Task instructions: Output the entries below word for word, stopping once the line containing "This step captures" is done, and omit each picture.

Records for processing:
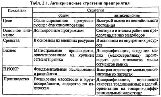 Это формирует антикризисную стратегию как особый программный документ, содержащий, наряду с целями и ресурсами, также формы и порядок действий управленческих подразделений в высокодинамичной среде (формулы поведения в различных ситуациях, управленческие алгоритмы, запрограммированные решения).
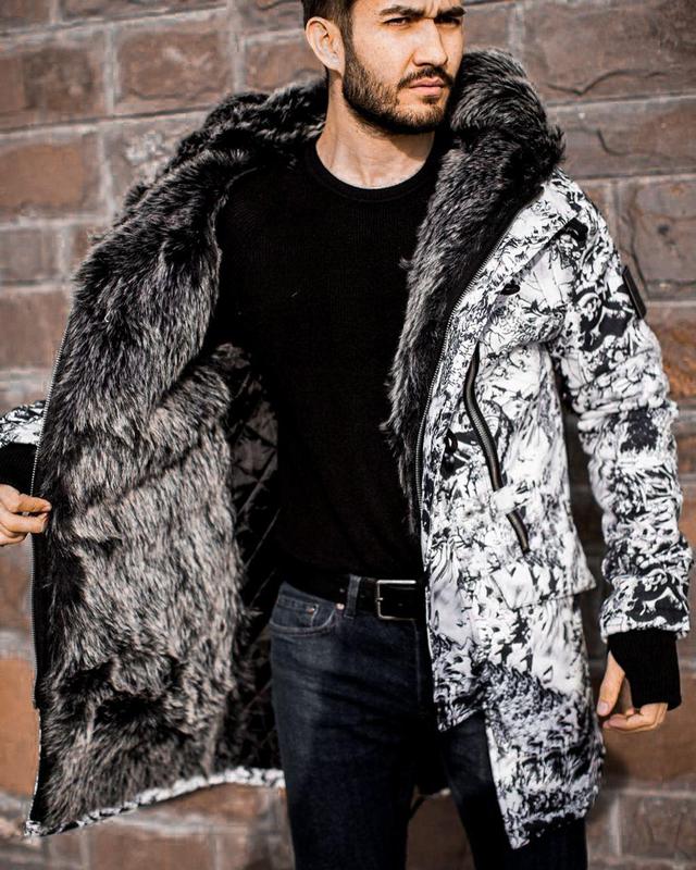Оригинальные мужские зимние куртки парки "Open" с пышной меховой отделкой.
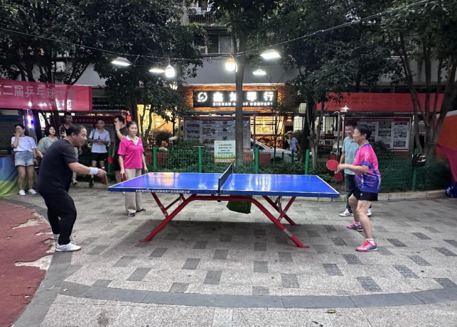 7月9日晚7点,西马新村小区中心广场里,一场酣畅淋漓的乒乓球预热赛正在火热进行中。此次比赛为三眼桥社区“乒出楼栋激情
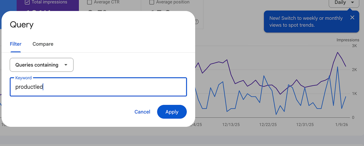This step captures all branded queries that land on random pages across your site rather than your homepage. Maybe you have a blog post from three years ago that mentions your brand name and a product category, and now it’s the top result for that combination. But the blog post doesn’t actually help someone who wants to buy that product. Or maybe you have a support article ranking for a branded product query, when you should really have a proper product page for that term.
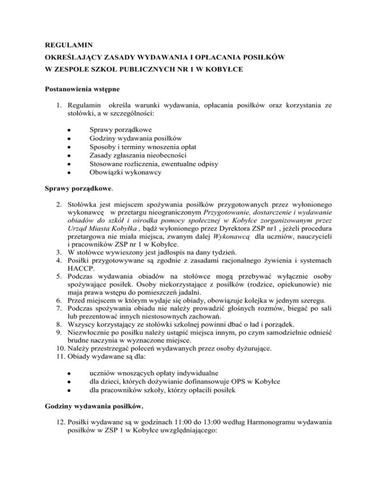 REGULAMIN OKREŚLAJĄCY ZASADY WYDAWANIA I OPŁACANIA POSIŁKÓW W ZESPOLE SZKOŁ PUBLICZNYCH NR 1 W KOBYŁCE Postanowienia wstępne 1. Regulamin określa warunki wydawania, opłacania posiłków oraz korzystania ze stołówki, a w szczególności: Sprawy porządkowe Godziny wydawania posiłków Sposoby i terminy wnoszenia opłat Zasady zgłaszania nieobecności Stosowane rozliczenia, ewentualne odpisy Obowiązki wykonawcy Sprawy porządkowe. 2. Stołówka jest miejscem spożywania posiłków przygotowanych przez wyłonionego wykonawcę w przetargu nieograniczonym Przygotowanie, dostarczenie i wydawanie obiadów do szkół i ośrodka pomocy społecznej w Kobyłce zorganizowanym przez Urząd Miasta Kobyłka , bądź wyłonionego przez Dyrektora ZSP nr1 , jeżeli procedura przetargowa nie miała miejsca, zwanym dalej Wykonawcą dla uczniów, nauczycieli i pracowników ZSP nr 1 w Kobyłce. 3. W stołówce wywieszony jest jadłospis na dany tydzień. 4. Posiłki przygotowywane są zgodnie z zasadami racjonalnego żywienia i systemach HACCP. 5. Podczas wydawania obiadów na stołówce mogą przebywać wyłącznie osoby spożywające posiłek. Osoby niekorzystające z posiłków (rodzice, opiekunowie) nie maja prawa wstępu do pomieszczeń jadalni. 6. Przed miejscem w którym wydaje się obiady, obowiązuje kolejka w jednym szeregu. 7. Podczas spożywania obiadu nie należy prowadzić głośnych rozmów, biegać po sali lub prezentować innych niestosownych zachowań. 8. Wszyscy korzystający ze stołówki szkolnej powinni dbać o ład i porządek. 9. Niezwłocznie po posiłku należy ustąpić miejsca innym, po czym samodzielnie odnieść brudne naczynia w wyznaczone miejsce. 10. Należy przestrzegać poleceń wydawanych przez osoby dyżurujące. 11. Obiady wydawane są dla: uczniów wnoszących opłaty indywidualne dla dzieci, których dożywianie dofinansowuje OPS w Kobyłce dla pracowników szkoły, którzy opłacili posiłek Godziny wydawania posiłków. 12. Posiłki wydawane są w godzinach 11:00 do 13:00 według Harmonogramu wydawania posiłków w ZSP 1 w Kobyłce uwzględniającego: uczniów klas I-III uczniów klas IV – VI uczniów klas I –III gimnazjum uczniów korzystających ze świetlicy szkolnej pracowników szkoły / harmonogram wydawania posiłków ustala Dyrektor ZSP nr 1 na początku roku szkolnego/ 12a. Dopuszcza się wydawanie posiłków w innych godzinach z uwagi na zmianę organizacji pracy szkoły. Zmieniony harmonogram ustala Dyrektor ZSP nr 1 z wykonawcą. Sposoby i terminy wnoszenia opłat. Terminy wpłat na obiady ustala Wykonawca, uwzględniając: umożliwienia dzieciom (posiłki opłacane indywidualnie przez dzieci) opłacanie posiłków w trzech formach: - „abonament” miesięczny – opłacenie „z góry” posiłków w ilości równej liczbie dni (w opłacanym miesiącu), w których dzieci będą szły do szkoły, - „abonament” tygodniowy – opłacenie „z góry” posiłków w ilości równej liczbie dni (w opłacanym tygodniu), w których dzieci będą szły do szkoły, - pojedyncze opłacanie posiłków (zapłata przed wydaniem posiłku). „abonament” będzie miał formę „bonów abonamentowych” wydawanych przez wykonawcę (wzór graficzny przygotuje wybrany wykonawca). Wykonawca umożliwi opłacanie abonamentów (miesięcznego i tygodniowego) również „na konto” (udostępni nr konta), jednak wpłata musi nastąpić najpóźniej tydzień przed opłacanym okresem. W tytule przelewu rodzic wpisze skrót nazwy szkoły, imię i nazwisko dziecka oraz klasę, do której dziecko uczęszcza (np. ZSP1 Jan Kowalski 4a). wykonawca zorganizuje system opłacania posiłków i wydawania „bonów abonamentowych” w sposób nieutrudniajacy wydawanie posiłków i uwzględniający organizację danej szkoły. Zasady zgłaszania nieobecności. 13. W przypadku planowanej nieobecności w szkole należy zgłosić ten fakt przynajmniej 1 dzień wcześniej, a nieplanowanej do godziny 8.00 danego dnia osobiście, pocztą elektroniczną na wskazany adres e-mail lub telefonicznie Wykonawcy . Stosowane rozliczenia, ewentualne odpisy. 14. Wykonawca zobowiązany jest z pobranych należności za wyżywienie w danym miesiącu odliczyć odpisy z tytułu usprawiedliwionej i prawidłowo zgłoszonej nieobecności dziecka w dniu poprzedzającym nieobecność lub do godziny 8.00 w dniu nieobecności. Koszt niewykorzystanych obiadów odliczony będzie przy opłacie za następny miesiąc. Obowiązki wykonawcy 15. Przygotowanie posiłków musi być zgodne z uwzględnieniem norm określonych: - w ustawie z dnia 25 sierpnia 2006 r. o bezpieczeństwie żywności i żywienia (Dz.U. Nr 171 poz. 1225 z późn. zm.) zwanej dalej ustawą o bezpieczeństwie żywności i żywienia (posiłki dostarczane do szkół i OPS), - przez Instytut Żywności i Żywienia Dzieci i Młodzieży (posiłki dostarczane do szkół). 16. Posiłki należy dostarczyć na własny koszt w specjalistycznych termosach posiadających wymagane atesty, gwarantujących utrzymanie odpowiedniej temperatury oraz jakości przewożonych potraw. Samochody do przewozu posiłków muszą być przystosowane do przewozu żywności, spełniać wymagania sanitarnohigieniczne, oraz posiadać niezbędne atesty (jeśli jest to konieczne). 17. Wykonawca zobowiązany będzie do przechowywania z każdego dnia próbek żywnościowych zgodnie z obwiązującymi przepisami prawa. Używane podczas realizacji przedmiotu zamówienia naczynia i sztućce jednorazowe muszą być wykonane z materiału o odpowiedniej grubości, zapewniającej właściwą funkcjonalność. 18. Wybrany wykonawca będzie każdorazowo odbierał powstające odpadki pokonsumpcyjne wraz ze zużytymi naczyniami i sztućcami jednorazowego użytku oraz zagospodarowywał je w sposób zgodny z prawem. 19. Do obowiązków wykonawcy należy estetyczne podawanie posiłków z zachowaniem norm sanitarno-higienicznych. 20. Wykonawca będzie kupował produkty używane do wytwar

Response:
 Это формирует антикризисную стратегию как особый программный документ, содержащий, наряду с целями и ресурсами, также формы и порядок действий управленческих подразделений в высокодинамичной среде (формулы поведения в различных ситуациях, управленческие алгоритмы, запрограммированные решения).
Оригинальные мужские зимние куртки парки "Open" с пышной меховой отделкой.
 7月9日晚7点,西马新村小区中心广场里,一场酣畅淋漓的乒乓球预热赛正在火热进行中。此次比赛为三眼桥社区“乒出楼栋激情
This step captures all branded queries that land on random pages across your site rather than your homepage. Maybe you have a blog post from three years ago that mentions your brand name and a product category, and now it’s the top result for that combination. But the blog post doesn’t actually help someone who wants to buy that product. Or maybe you have a support article ranking for a branded product query, when you should really have a proper product page for that term.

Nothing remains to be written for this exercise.